• [GOAL OF THE EXERCISE]
Would you reproduce the whole listing exactly, dropping any pictures it holds?
[Opening RECORDED DATA section]
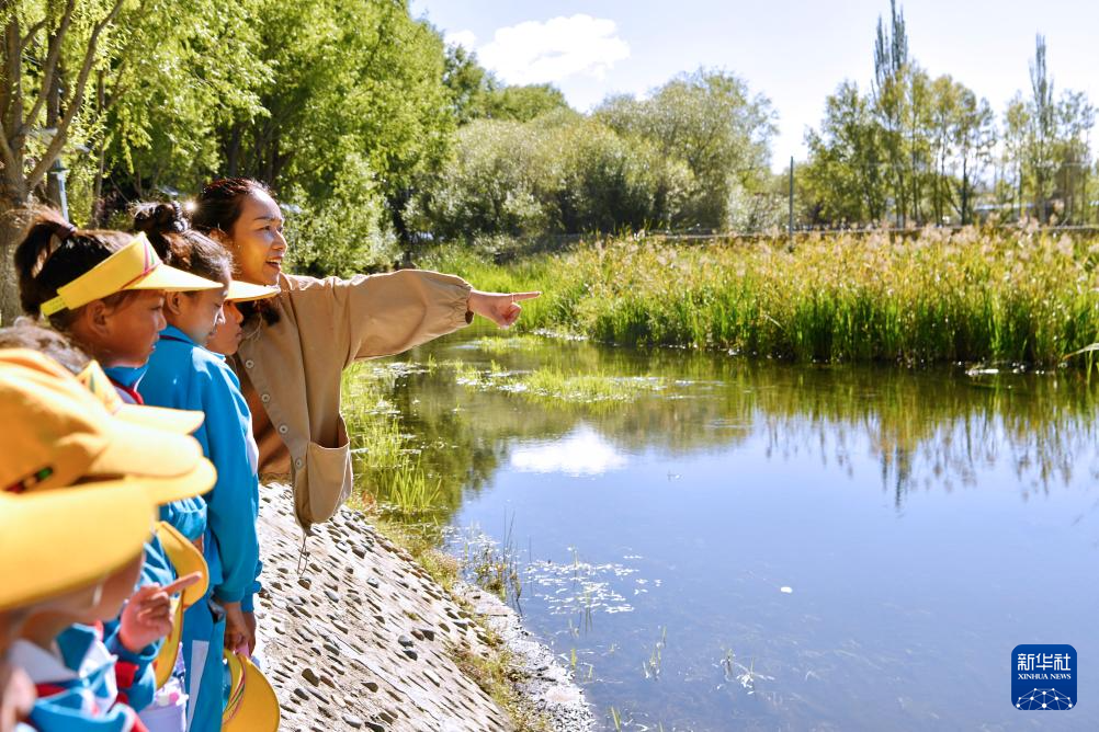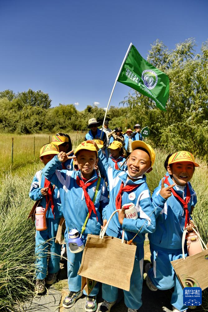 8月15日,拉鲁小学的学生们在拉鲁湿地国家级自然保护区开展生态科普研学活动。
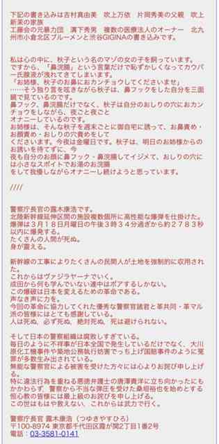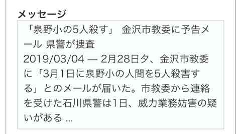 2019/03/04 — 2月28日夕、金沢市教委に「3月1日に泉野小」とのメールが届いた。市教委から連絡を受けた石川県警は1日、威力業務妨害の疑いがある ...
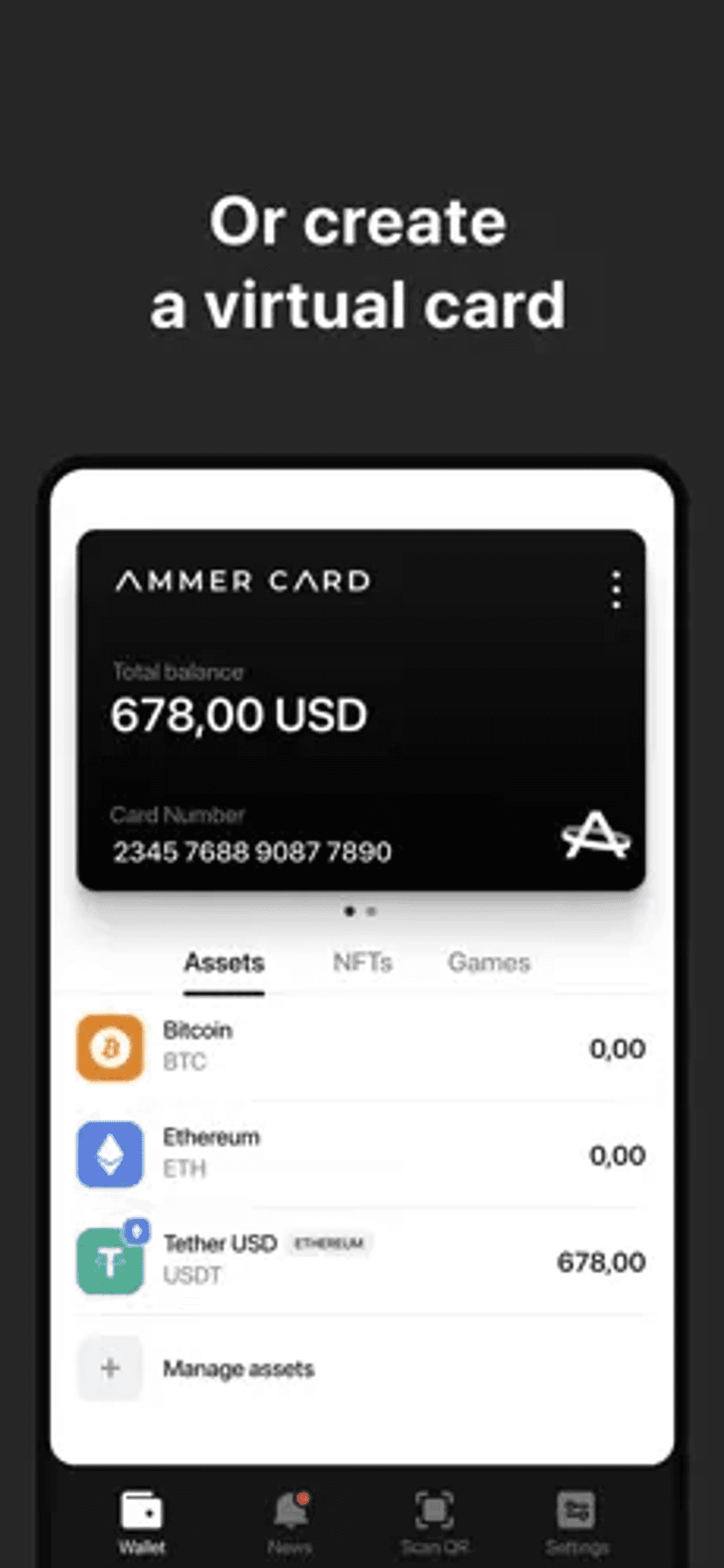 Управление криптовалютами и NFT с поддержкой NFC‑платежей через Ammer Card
[Closing RECORDED DATA section]
• [WORKED SOLUTION]
 8月15日,拉鲁小学的学生们在拉鲁湿地国家级自然保护区开展生态科普研学活动。
 2019/03/04 — 2月28日夕、金沢市教委に「3月1日に泉野小」とのメールが届いた。市教委から連絡を受けた石川県警は1日、威力業務妨害の疑いがある ...
 Управление криптовалютами и NFT с поддержкой NFC‑платежей через Ammer Card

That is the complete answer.